Education

Yale and Columbia Are Ripping Off Financial Aid Students, Lawsuit Says

By Paul Blest,  Vice

The lawsuit calls the group schools a “price-fixing cartel.”

More than a dozen of the nation’s top universities—including Ivy League universities Yale, Brown, Columbia, Dartmouth, Cornell, and the University of Pennsylvania—allegedly used their financial aid policies to rip off more than 170,000 students for hundreds of millions of dollars, according to a lawsuit filed in Illinois Sunday.

The lawsuit, filed on behalf of five former students, alleges that for two decades, the universities “have participated in a price-fixing cartel that is designed to reduce or eliminate financial aid as a locus of competition, and that in fact has artificially inflated the net price of attendance for students receiving financial aid.”

This “cartel” refers to the 568 Presidents’ Group, a committee of private colleges and universities formed in the late 1990s to create a “consensus methodology” for “determining the family’s ability to pay for college,” or a formula for financial aid, according to the group’s website.

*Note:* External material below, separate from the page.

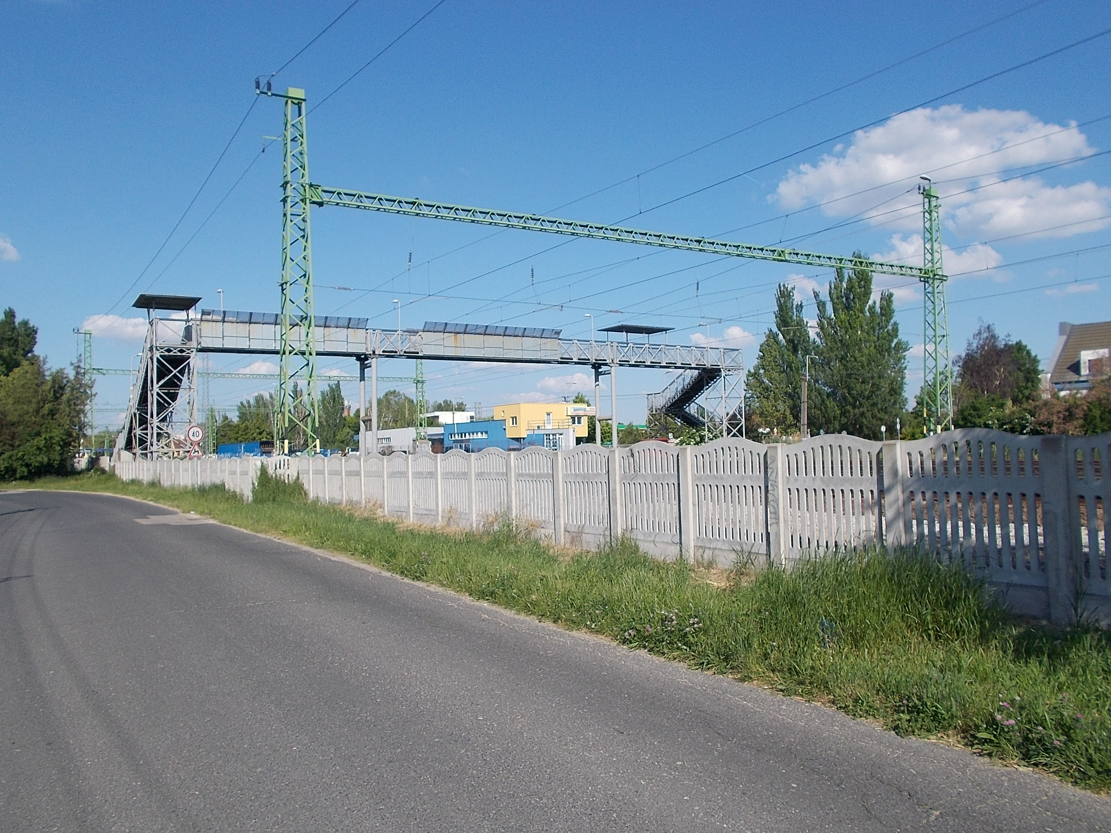 Footbridge over Budapest–Martonvásár–Székesfehérvár railway line close to Gárdony railway station from Keszeg Street, Gárdony, Fejér County, Hungary.

The group was formed after high-profile Justice Department antitrust lawsuits against the Massachusetts Institute of Technology and several Ivy League universities for engaging in fixing the price of tuition and faculty salaries. Federal antitrust legislation passed in 1994 further regulated the process, saying that colleges can work together to share some financial aid information, including a common application for financial aid.